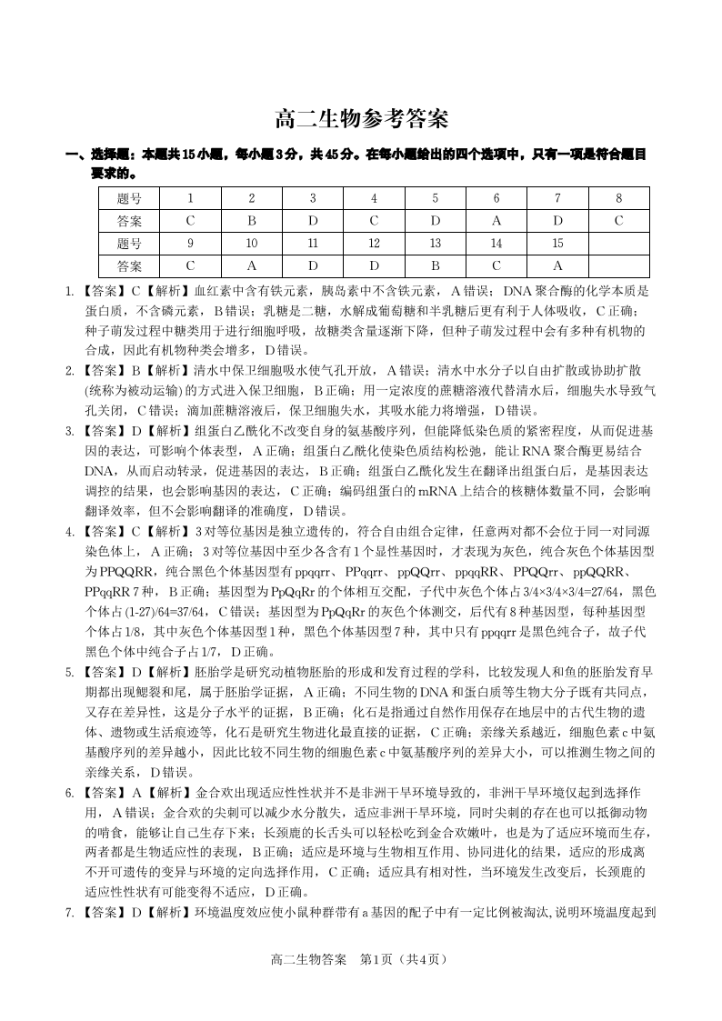 高二生物答案--安徽省皖江名校联盟2025-2026学年高二上学期10月阶段考
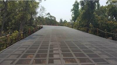 建設局指出,因整體園區規劃樹林現地保留,空中步道引橋避開樹木彎曲施作。橋面以半簍空鍍鋅鋼網,可看到橋面下方綠樹,若遇樹木難以避開,橋面則以開口方式繞開,讓綠樹原地生長。
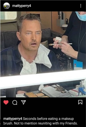 Oh sí, Matthew Perry escribió que estaba a punto de “comerse” una brocha de maquillaje y agregó: “Not to mention reuniting with my Friends” (Sin mencionar el reencuentro con mis “Amigos”). Y lo que ningún fan de la icónica sitcom dejó pasar, fue que escribió “Friends” con mayúscula al principio, lo que claramente no es error de ortografía, sino una alusión a la serie.
+++
What is being asked: Line for line, retype the material exactly, omitting any pictures.

Solution for this task:
 高二生物答案--安徽省皖江名校联盟2025-2026学年高二上学期10月阶段考
 建設局指出,因整體園區規劃樹林現地保留,空中步道引橋避開樹木彎曲施作。橋面以半簍空鍍鋅鋼網,可看到橋面下方綠樹,若遇樹木難以避開,橋面則以開口方式繞開,讓綠樹原地生長。
 Oh sí, Matthew Perry escribió que estaba a punto de “comerse” una brocha de maquillaje y agregó: “Not to mention reuniting with my Friends” (Sin mencionar el reencuentro con mis “Amigos”). Y lo que ningún fan de la icónica sitcom dejó pasar, fue que escribió “Friends” con mayúscula al principio, lo que claramente no es error de ortografía, sino una alusión a la serie.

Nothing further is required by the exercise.